Records drawn from a dataset
BEGIN

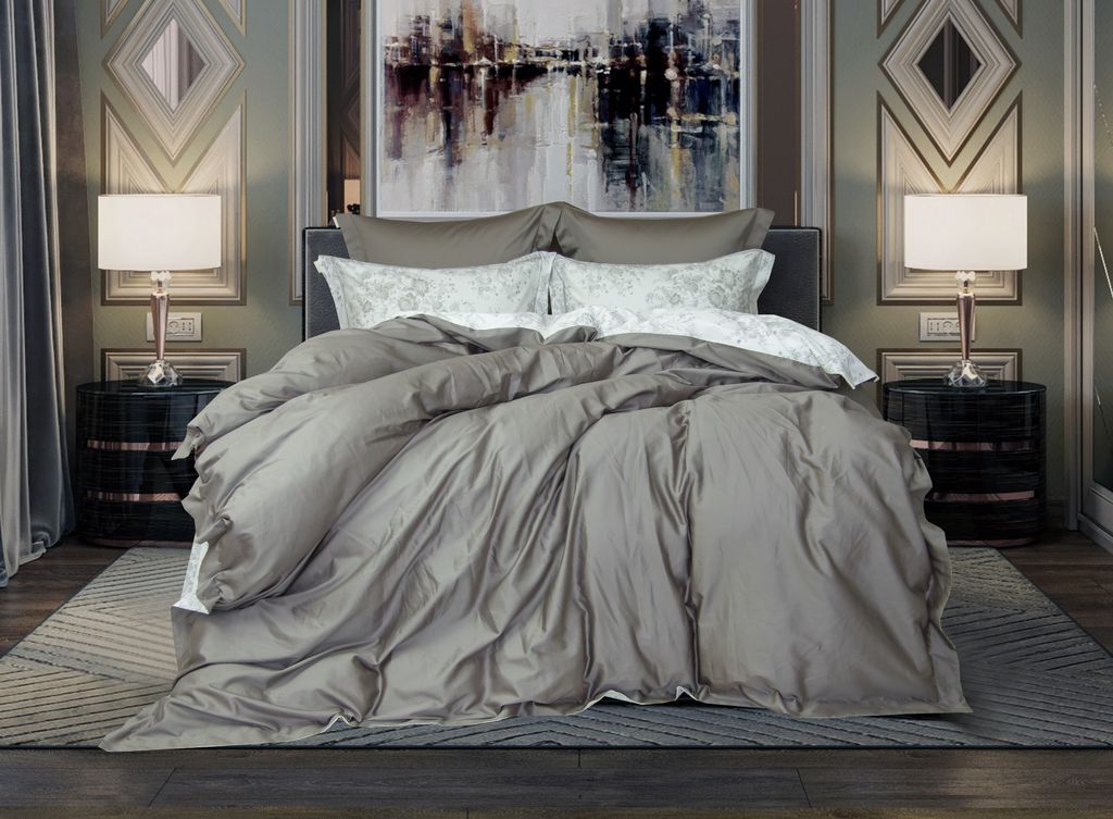 Роскошная коллекция постельного белья выполнена из длинноволокнистого однотонного египетского хлопка плотного плетения 60х60 нитей в сочетании с печатным сатином высокой плотности плетения 133/72 Египетский хлопок по праву считается лучшим в мире, при его производстве используются только самые экологические и высококачественные материалы и красители. Ткань проходит двойную мерсеризацию, за счет чего достигается шелковистый эффект. Уникальность коллекции — обратная сторона выполнена из печатного сатина. с рисунком подобранным в цвет к однотонному.Вы сами задаете настроение вашей спальни — цветной либо однотонный. Важно! Пошив подрозумевает использование любой стороны, благодаря тому что молния вшита в край. Пододеяльник — одна сторона однотонный египетский хлопок , вторая печатный сатин, ушко 5 см Наволочки одна сторона однотонный египетский хлопок, вторая печатный сатин, ушко 5 см, с утонченной вышивкой в тон сатина. Размерный ряд — евро. При пошиве используется разработанные для компании брендовые знаки KAZANOV.A.: фирменный бренд лейбл, навеска, лейбл со знаками ухода. Комплекты изящно выложены в Брендовую подарочную упаковку «KAZANOV.A.»: ламинированная коробка + фирменный пакет с ручками из шелковистого витого шнура.
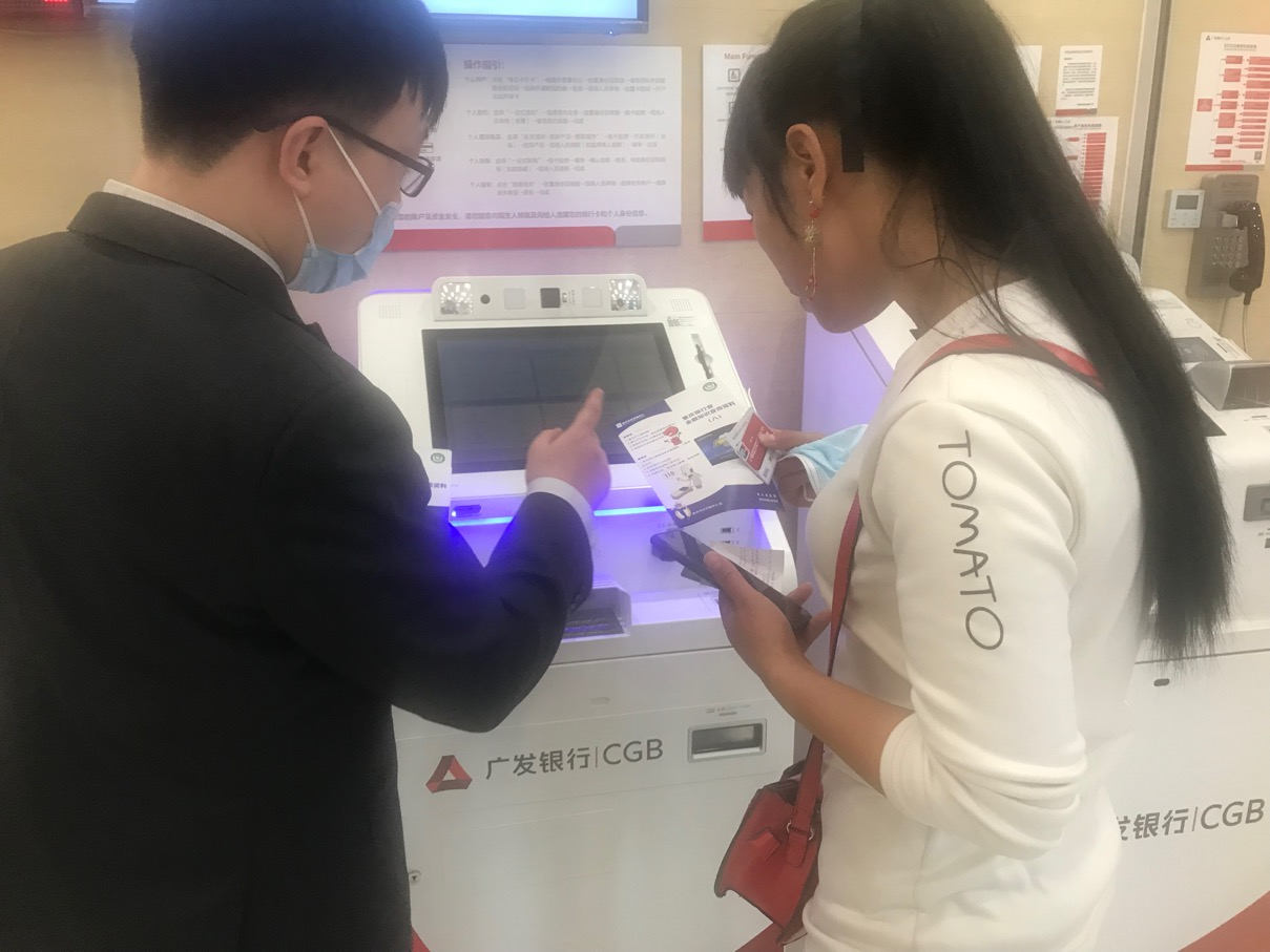 指導客戶使用智能器具(資料圖)。廣發銀行重慶分行供稿
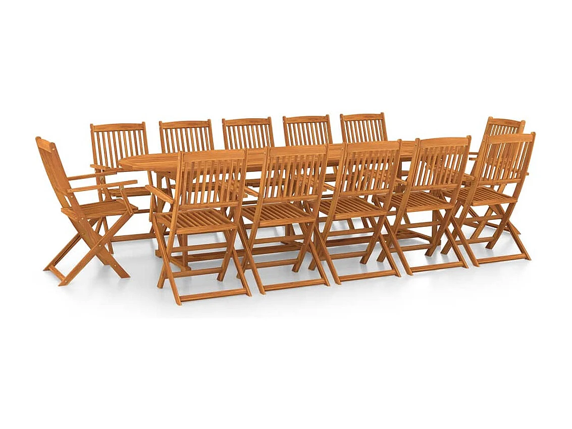 Mobilier à dîner de jardin 13 pcs Bois d'acacia massif 3
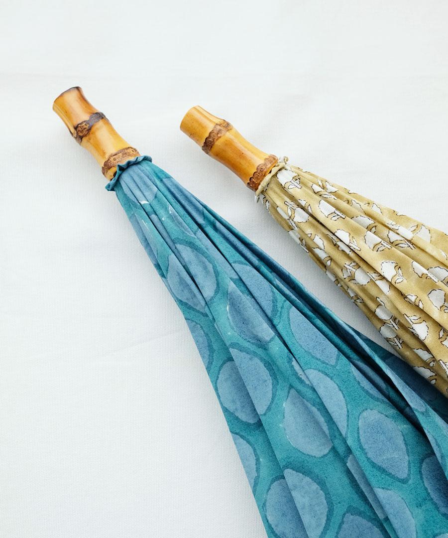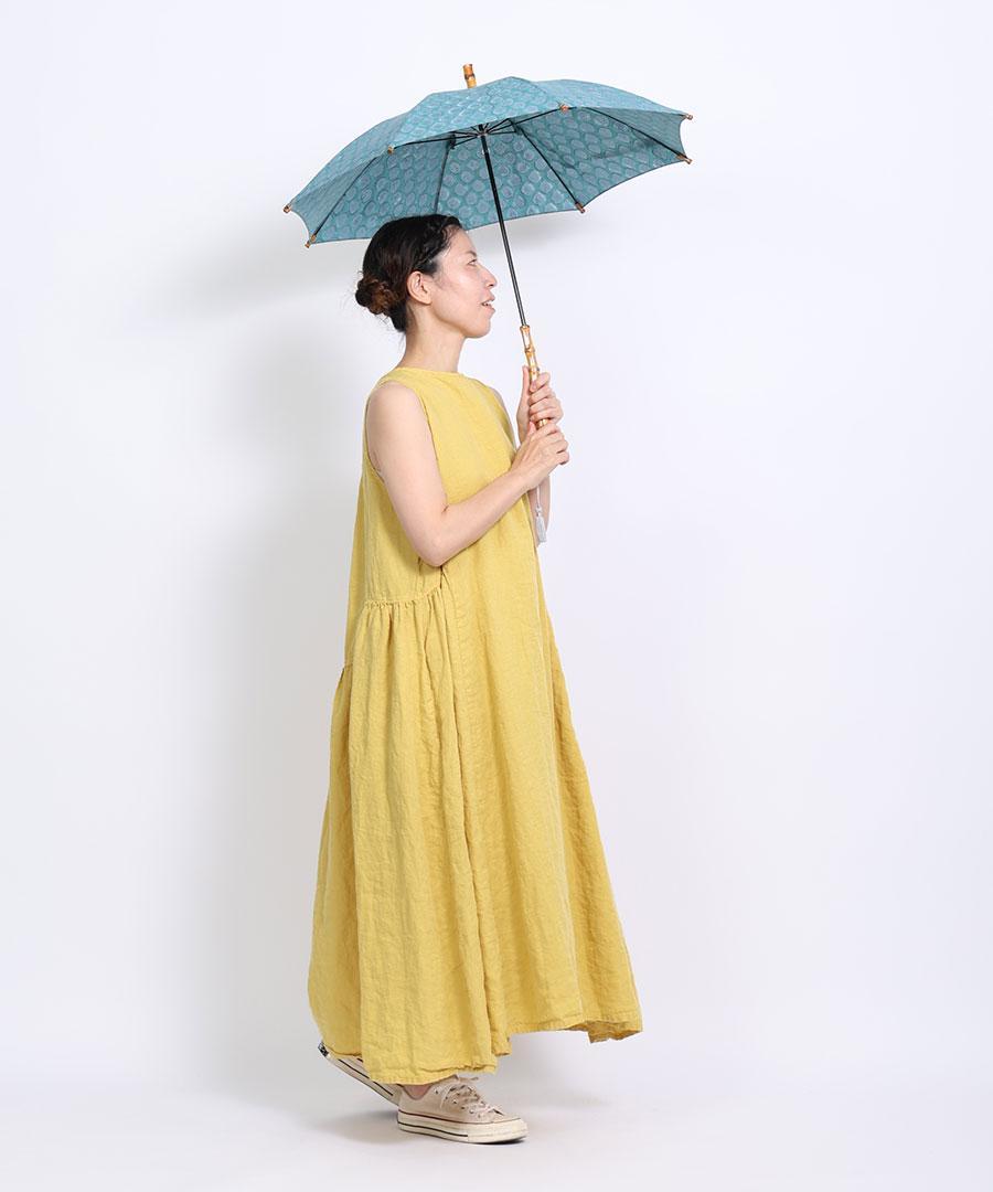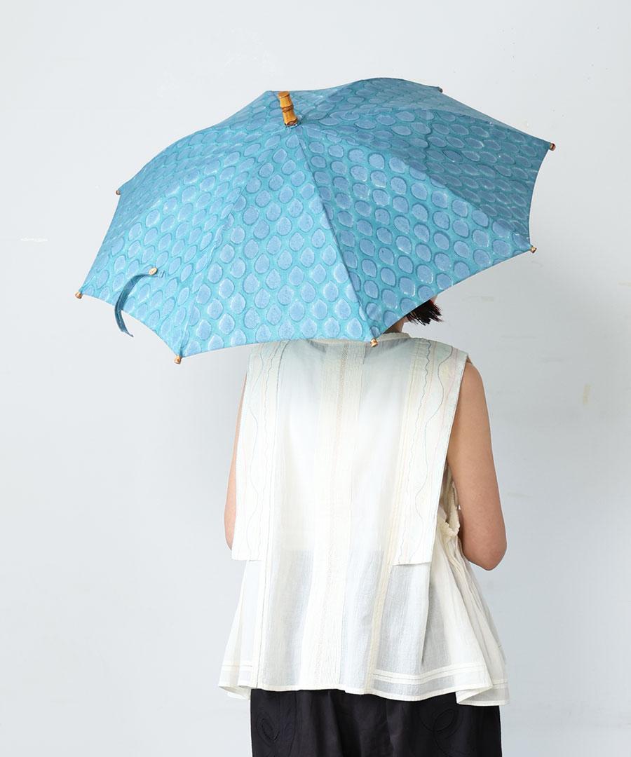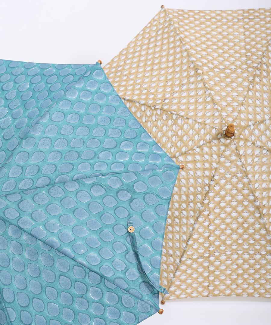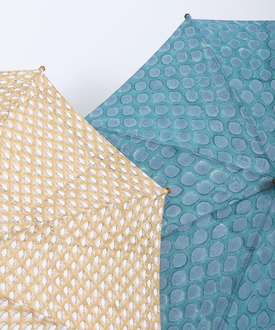 GREEN(dot)は青緑カラーに雫のようなドット模様で、ブロックプリントならではのズレや滲みの揺らめきが印象的です。
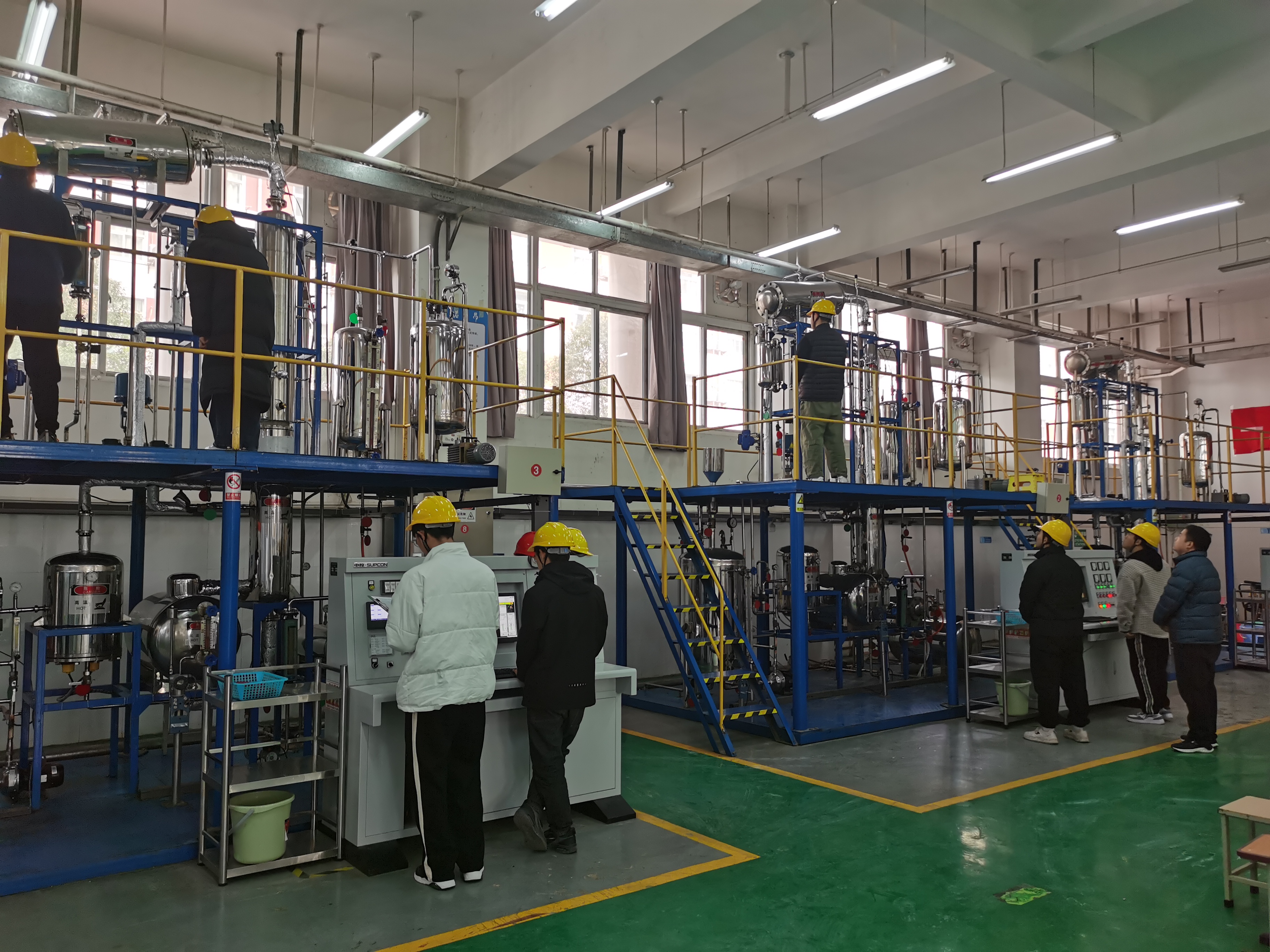 “化工生产技术”赛项全方面考察学生的化工专业知识、核心技术知识和职业能力通识。经对报名学生进行理论知识、仿真技能评审和层层遴选,最终共有13支代表队参加现场决赛。现场决赛采用中试级精馏装置,以乙醇-水溶液为工作介质,选手根据规定要求进行操作,包括开车前准备、开车操作、生产运行、停车操作,并根据一定数量和浓度的原料自选操作条件,完成精馏任务。考核其工艺指标控制、所得产品产量、质量、生产消耗、规范操作及安全与文明生产状况。

END

◆ Work instruction
What you write must match, line for line, the lines from the one with "指導客戶使用智能器具(資料圖)。廣發銀行重慶分行供稿" through the last line of the data above, minus the pictures.

◆ Response area
 指導客戶使用智能器具(資料圖)。廣發銀行重慶分行供稿
 Mobilier à dîner de jardin 13 pcs Bois d'acacia massif 3
 GREEN(dot)は青緑カラーに雫のようなドット模様で、ブロックプリントならではのズレや滲みの揺らめきが印象的です。
 “化工生产技术”赛项全方面考察学生的化工专业知识、核心技术知识和职业能力通识。经对报名学生进行理论知识、仿真技能评审和层层遴选,最终共有13支代表队参加现场决赛。现场决赛采用中试级精馏装置,以乙醇-水溶液为工作介质,选手根据规定要求进行操作,包括开车前准备、开车操作、生产运行、停车操作,并根据一定数量和浓度的原料自选操作条件,完成精馏任务。考核其工艺指标控制、所得产品产量、质量、生产消耗、规范操作及安全与文明生产状况。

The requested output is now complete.